Nelle motivazioni la SIF spiega che Massimo Ferrario è autore di formidabili contributi nel campo dei fotoiniettori ad alta brillanza, delle sorgenti di fotoni di tipo FEL (Free Electron Laser) e dell’accelerazione di particelle tramite plasma. Attualmente Ferrario guida il progetto EuPRAXIA presso i Laboratori Nazionali di Frascati dell’INFN. Si tratta della costruzione di un’infrastruttura di ricerca europea per lo sviluppo di un acceleratore basato sulla tecnologia al plasma. L’idea innovativa, rispetto ai convenzionali acceleratori di particelle, è quella di utilizzare un gas ionizzato, o plasma, per mantenere gli elevati campi elettrici necessari per accelerare le particelle. Il vantaggio degli acceleratori al plasma è che i loro campi di accelerazione possono essere molto più forti di quelli degli acceleratori convenzionali (a radiofrequenza). L’utilizzo di questa nuova tecnologia per gli acceleratori di particelle troverà grande applicazione in ambito scientifico, medico e industriale.

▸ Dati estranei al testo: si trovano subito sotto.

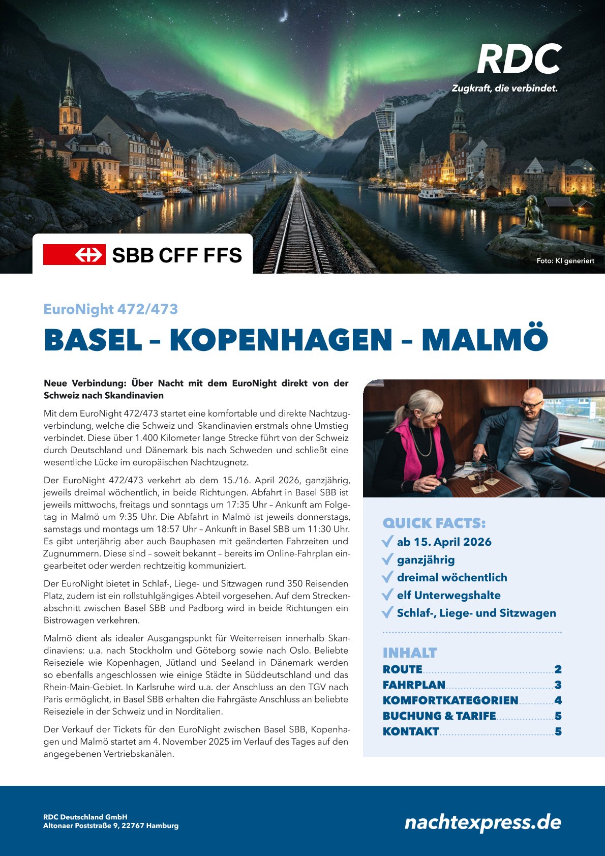 Abends stressfrei in den Zug einsteigen und erholt am Ziel ankommen. Schlafend vergeht die Zugfahrt umweltfreundlich und dennoch garantiert wie im Flug. Das Angebot an Nachtverbindungen ist reichlich und wird kontinuierlich erweitert.
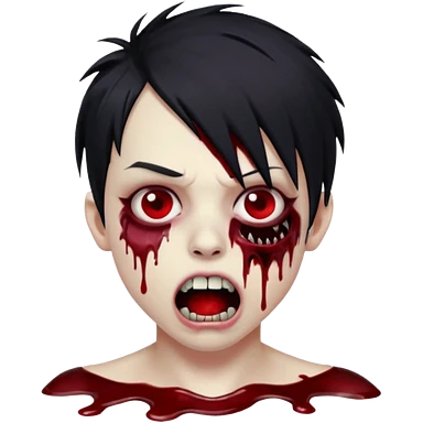 emo zombie black punk hair with cuts on face and open mouth with fluid coming out of mouth emoji
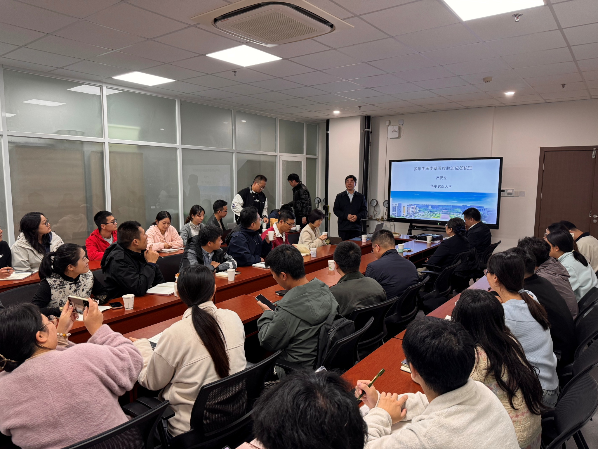 报告会上,三位专家分别围绕各自的研究领域,分享了草业科学的前沿成果。产祝龙教授以《多年生黑麦草应答温度胁迫机理》为题,从分子层面深入剖析了禾草应对逆境的复杂生物学机制,为草类植物抗性育种提供了重要的理论依据。孙彦教授的报告《低养护草坪兼生态草—野牛草的研究及应用》,则聚焦于可持续发展的生态理念,系统介绍了野牛草在低养护草坪建设中的巨大潜力和应用前景,为美丽中国建设提供了绿色方案。胡涛教授以《牧草基因编辑种质创新研究》为主题,展示了前沿的基因编辑技术在牧草种质创新和产量提升中的革命性应用。
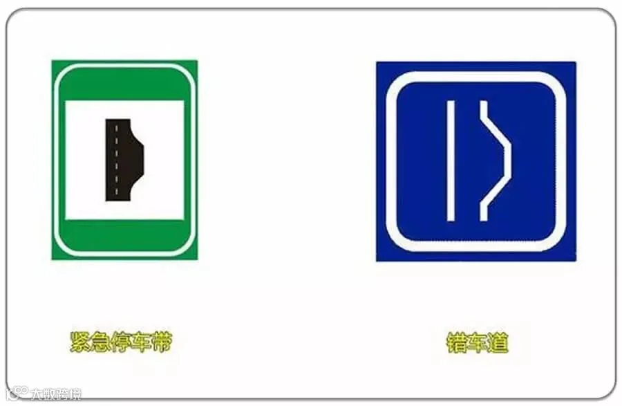 绿色代表救援,如遇突发情况可以将车停至安全地带,用于高速公路或省道,而错车道仅用于单行道。
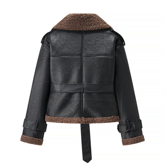 Damen Modische Kunstlederjacke mit kuscheligem Innenfutter und Bindegürtel Stalluxe
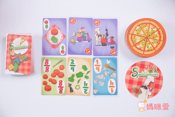 披薩家的難度我覺得算比較高的,適合大一點的孩童。雖然比較難一點,但我很推薦,因為市面上很少針對 “分數” 設計的桌遊啊~分數到底是什麼呢?生活中會用到分數嗎?利用圓形 Pizza 教孩子分數概念,孩子更好理解。
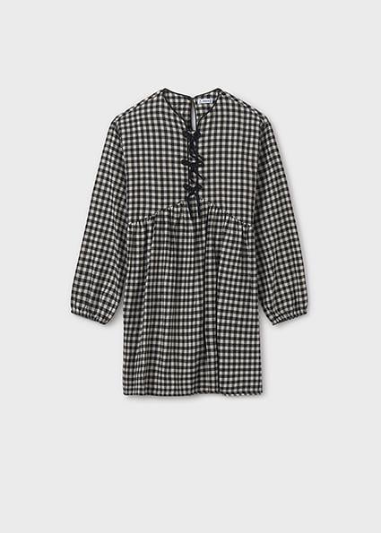 25-07916-046 Mayoral Siyah Kareli Kız Çocuk Elbise 7916
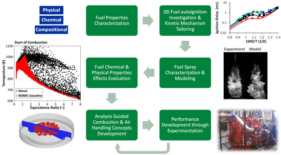 An analysis-led design approach was undertaken to develop customized GCI combustion and air-handling system concepts (Figure 2). First, fuel physical, chemical, and compositional properties were characterized in detail. Based on these properties, fuel autoignition behavior and spray characteristics were evaluated experimentally under engine-relevant conditions of interest. Utilizing these data, high-fidelity chemical kinetic and spray models were developed. Next, the fuel property effects on spray formation and breakup, fuel–air mixing, combustion, and emissions were thoroughly investigated under targeted combustion modes to understand the attributes that were key to the engine and fuel co-development. Subsequently, a comprehensive analysis-led design process that combined 3D CFD in-cylinder combustion simulations and 1D system-level analysis was employed to generate customized PPCI–diffusion GCI combustion and air-handling system specifications. Finally, these specifications were materialized and evaluated through dynamometer performance testing. The final two steps comprised an iterative process for engine performance optimization.
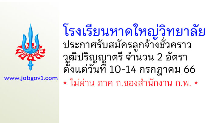 โรงเรียนหาดใหญ่วิทยาลัย รับสมัครลูกจ้างชั่วคราว 2 อัตรา ตั้งแต่วันที่ 10-14 กรกฎาคม 2566

La SIF ha assegnato il premio a Lucio Rossi per il ruolo fondamentale che ha svolto nelle attività di ricerca e sviluppo per grandi magneti superconduttori di altissimo campo. Rossi è stato responsabile della realizzazione di questi magneti per il Large Hadron Collider del CERN di Ginevra, il più grande acceleratore del mondo che ha permesso nel 2012 la scoperta del bosone di Higgs grazie alle osservazioni dei rivelatori ATLAS e CMS. Il sistema di magneti superconduttori di LHC è tuttora la più grande impresa di superconduttività applicata nel mondo. Rossi ha inoltre proposto, fondato e inizialmente diretto il progetto di potenziamento di LHC, High Luminosity LHC, volto ad aumentarne di un fattore 10 la luminosità grazie all’introduzione di tecnologie di frontiera.